“The gods have come down from Olympus! The gods greet the earth! They greet beauty! They greet youth! They greet wisdom and the arts! The gods greet the earth! Long live the gods! Live Venus, the mother of love! Long live Minerva, the unapproachable virgin, full of wisdom! Long live Zeus, the god of gods, men transformed into gods, and gods into men! Olympus live on earth!”
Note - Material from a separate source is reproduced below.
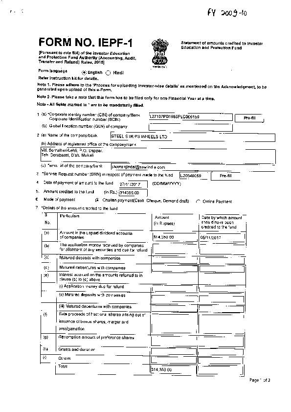 FY :oog -to FORM NO. IEPF-I [Pursuant to rule 5(4) ol tho lnvestor Educadon and Protection Fund Authority (Accounflng, Audit, Transfer and Relund) Rules, 2Oi6I Statemont ol amounts crsdlted to lnvestor Education and Protgction Fund Form language OEng[sh O Htndt Rfr instruction kit for details. l Note Please adhere to the'Process for uploading lnvestor-wise details'as generated upon upload of this e-Form, mon oned on the Acknowledgment, to b Noto 2, Ploase take a note that this form has to be filed only tor one Financiat year at a flme. Notg . All fields marked in * are to be mandatorily fllled. (a)'Corporate identity number (CtN) of company/Bank Corporate ldentification number (BCIN) (b) Global Location number (GLN) of company 1271 07P81 985P1C0061 59 Pre-fill 2 (a) Name of the company/bank STEEL STRIPS WHEELS LTD (b)Address of registered offic of the compa nylbank ll. Somalheri/Lehli, P.O. Dappar, eh. Derabassi, Distt Mohali (c) 'email id of the company/bank shamanJindal@sswlindia.com 3 .Service Request number (SRN) in respecl of payment made to the fu nd u20649059 4. Date of payment of amount to the fund 7tl1t2017 (DD/MMffYYY) Pre-fill 5. fund Amount credited to the (in Rs.) 14350.00 6 Mode ofpayment (a Chatlan payment(Cash, Cheque, Demand draft) C Ontine payment 7.'Oetails of the amount credited to the tund Particulars No (a) Amount in the unpaid dividend accounts of companies Amount (in Rupees) 314.350.00 Date by which amount should have been cred,ted to the fund 05111t2017 (b) The applictron money recetved by companles for allotment of any securities and due for refund (c) Matu.ed deposits with companies (d) Matured debentures with companies (e) lnterest accrued on the amounts referred to tn clause (b) to (d) above (i) Application money due for refund (ii) Matured deposib with companies (ir) lratured debentures wrth companies (f) Sale proceeds of fractional shares arising out of issuance of bonus shares, merger and amalgamation (s) Redemption amount of preference shares (h) Grants and donation (i) Others Totat 314,350.00 Page 1 of 2 8. 'Financialyear to which the amount relates 2009-2010 Attachments 1. Optional attachments, if any Attach List oI attachments SRN u20649059 and DD No ( Remove attachment ' DeclaraUon I have been authorized by the Board of directors' resolution number 4 Dated 23t10t2015 to sign t to- and submit this form. To the best of my knowledge and belief, t declare ttmhhaaettreearulilantldhehear srinnbforeeremsnpaetsicuotPnoPgfrietvhseesnesdhuebrjeei"n-"irUiiotr".ioi"t a trr". that all the requirements of Companies Act, 20'13 and the rules made ma ers incidental thereto have been comptred with I also declare "ndand complete inctuding tho attachments to this form and nothing "o,r"ct *To be digitally signed bY *-- .Designation Company Secretary "DlN of the director; or Membership number PAN of of the the manager or CEO company secretary; or or CFO; PAN or ot Authorized Person of the bank Note: Attention lg also drawn to provisions of Section 448 and section 449 ol companiss Act, 2013 which provide for punishment for false statement and false evidencs' Modity chck Form: P.resirutiny Thiseformhasb6entakenonlilemaintalnedby|EPFAuthoritythroughelectronlcmo of correctnesa glvgn by the company. Submit de and on ths basis of statement Page 2 of 2 MTNISTRY OF CORPORATE AFFAIRS RECEIPT G. A. R.7 SRN: G67613729 Payment made irto: HDFC Bank Received From : Service Request Date | 29/ll/2\lj Name : Address Sushil Kumar Sikka House No. 5441 Sector 38 West Chandi garh, Chandigarh India - 160014 Entity on whose behalfmoncy is paid CIN: Nsme i Address: L27l 07PB I 985PLC006159 STEEL STRIPS WHEELS LTD Vill. Somalheri/Lehli, P.O. Dappar, Teh. Derabassi, Disr!. Mohali. , Punjab India - 140506 Full Particulars of Remittance Service Type: eFiling Service Description Fee For Form IEPF-l Mode ofPayment: Intemet Banking - HDFC Bank Received Payment Rupees: Six Hundred Only Type of Fee Normal Total Amount(Rs.) 600.00 600.00 Note The Registrar may examine this eForm any time after the same is processed by the system under Straight Through process (STp). In case an)' defects the eForm shall hoarveinctoombeplefilteedneasfsreisnhawnyithretshpeecfet eisannodtiacdedditbioyntahlefeRee,-gaissiraaprpi,icthaebnle.th(isPleeaFsoermrefsehraRll ubleetrl0eaoteftjhaend-olmabpeaiendieass defective and (Registration olllces ol]jces and Fees) Rules, 20l4) Uscr lD For Uploading Investor Wise Details : lEPF676t3',729c Password For Uploading Investor Wise Details : 3@EDt!6rDw Page 1 of 2 Important Note : Process for uploadiDg itrvestor wise details f I ou are requested to up oad al I the Investor SE deta s o un cIaimed and un pa d amounts on IEPF Ponal within 7 day s of fi I Forln IEPF 1 The parh fot uploading the lnvestor detai ls s given below :MCA Portal >> lnvestor Services >> Upload lnvestor Details 2. The excel template for the same can be downloaded from IEPF portal itself. 3. you are also requesred to confirm the same on the IEPF Portal within l4 days o l' li ling Form-l EPF- I . Path lbr the same is mentionei below :- MCA Portal >> lnvestor Services >> Confirm Uploaded Files 4. Kindly note that il within t 4 days of fi Iing of Form-tEPF- I Details are not uploaded and confirmed, then the Form will he marked as'Defective'. 5. Ifuploaded details are not confirmed wirhin time limit, then the system will automatically conllrm it, Page 2 of 2 ChalIan No. : U20649059 Challan Da te i 2L/l\/207'7 challan money Paid intso MINISTRY OF CORPORATE AFFAI RS CHAI.LAN .." q.A.-8. ? Expily Dite: 28 / 1'./ 207'1 xn-tie--'-^-1. [x"-"'- (BANK ) (BRANCH) By whoft tendered Nahe: Sushil Kumar Si kl'.a AddreBe House No. 5441 SecLo! 38 l'le6 E Chandigarh , Chand igarh India - CC160C14 roti cy on whose beha If Eonsy i6 Pa d CIN: L2?rO7PB1985PLCo06i59 Name STEEL STRIPS WHEELS LT) 1dre6E : Viil SonaIherl/Lehli' PO Dappar' ' '!eh. Derabassi, Disrt I'lohaLi' rllC-ia 140506 ,r"ri Particutara of Renitt'ance ser.,i-'ifpe, DeposiEs co. in
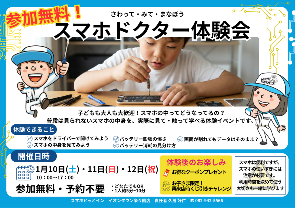 【1月10日(土)11日(日)12日(祝)】スマホドクター体験会開催のお知らせ

So sang they and rejoiced in triumphant chorus, and high above from the clouds pealed forth music, and from thicket and shrubbery sounded sweet songs, dying away in gentle whispers. Then all was still, for the gods, who had traversed the halls in dazzling procession, had now taken their places at the long rose-crowned tables. An Olympic festival was being solemnized that evening in the Media Nocte. Earth was forsaken now, and the children of earth found themselves again on Olympus, changed to gods. Those were not the drawing rooms in which they had been wont to assemble, commingling in cheerful pastimes, in hilarious merriment, these people clad in light Greek robes. No, this was cloud-capped Olympus, this was heaven upon earth; rose-colored, luminous clouds encircled the space, and behind them the galleries which ran round the hall had vanished. Instead of the ceiling usually bounding this vast room, they now looked up to the deep blue sky, and star after star twinkled there, and filled the apartment with soft mild light. And not in a hall furnished with chairs and divans did they find themselves this evening, but in a monstrous grotto in the heart of Olympus—a grotto of sparkling, glittering mountain crystal, bright and transparent as silver gauze, and behind this a magical moving to and fro of beauteous human shapes, of genii and Cupids. Only the long table in the middle of the grotto reminded of earth, or maybe the home of heathen gods.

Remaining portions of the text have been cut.